The utility’s computer systems were breached by ransomware hackers on March 19, but Nova Scotia Power did not discover it until April 25. The company disclosed the cybersecurity incident three days after that.
About 280,000 customers — more than half of the utility’s customers in the province — were informed by letter that their personal information may have been compromised in the attack. The data included names, addresses, phone numbers, birth dates, driver’s licences, social insurance numbers and banking information.
On Thursday, the Nova Scotia Energy Board granted approval to Nova Scotia Power to move forward with a $1.8-million project to improve cybersecurity.
The attack and its aftermath have sparked many questions about the security of the company’s IT systems.
Rajiv Gupta, head of the Canadian Centre for Cyber Security, spoke to CBC News in a rare interview about how these types of incidents unfold and what people and organizations like Nova Scotia Power can do to protect themselves.
This interview has been edited for length and clarity.
Can you explain a bit about your agency and what it does?
The Canadian Centre for Cyber Security is really Canada’s cyber defence agency.
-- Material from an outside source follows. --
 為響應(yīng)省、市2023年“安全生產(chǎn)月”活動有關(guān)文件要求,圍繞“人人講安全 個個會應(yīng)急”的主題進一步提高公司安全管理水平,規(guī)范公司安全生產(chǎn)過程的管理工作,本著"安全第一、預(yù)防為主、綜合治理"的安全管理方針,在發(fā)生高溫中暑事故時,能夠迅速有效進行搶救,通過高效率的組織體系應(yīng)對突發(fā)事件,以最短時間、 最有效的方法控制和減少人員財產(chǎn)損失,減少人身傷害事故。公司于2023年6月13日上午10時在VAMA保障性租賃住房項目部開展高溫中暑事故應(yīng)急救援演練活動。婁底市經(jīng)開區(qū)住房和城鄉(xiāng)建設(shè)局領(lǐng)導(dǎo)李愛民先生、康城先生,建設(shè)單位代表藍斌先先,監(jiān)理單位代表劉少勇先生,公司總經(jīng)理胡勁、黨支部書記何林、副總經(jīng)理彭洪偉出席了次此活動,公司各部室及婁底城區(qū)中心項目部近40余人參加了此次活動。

So, we provide advice, guidance and services to critical infrastructure systems of importance to Canada. Work primarily with the federal government is where we had started, but have really grown into critical infrastructure. And our goal is to raise cyber resilience across Canada.
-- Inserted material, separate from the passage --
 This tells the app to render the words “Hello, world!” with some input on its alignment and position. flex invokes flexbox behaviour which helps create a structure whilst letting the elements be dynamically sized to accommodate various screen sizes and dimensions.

We fall under CSE, which is the Communications Security Establishment, and CSE has a mandate for foreign intelligence, which goes back 80 years in terms of WW II. We report to the minister of national defence.
What do you make of the recent attack against Nova Scotia Power, which did ultimately affect about 280,000 customers?
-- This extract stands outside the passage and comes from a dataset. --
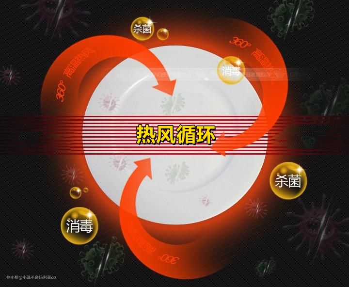 PTC热风循环烘干:这种烘干方式通过机身内部的离心机将PTC加热器产生的热量吹到箱体内,形成一个热风循环,这种方式比上面石英管加热的烘干效果更加均匀,常被用于中端消毒柜。

We don’t comment specifically on specific incidents, but as a cyber centre … any critical infrastructure providers that have incidents can report their incidents to the cyber centre. So last year we saw about 1,500 incidents. We see a lot of these, and that’s what’s really important and kind of sad to understand as well, that this is happening so often in terms of cybercriminal organizations comprising critical infrastructure organizations in Canada.
Their motivation is money. They would compromise the network. So basically getting their software inside the network, but then stealing all the sensitive information from the organization and … then going ahead and encrypting systems and locking people out of their system. So we used to call that double extortion. So that way the criminal organization could threaten to release sensitive information, unless a ransom was paid, or also basically not give back access to systems unless a ransom was paid. So that was what we’re seeing and it was incredibly impactful to system operators within Canada.
In this case, Nova Scotia Power did not pay the ransom that was asked of them. Is that common practice?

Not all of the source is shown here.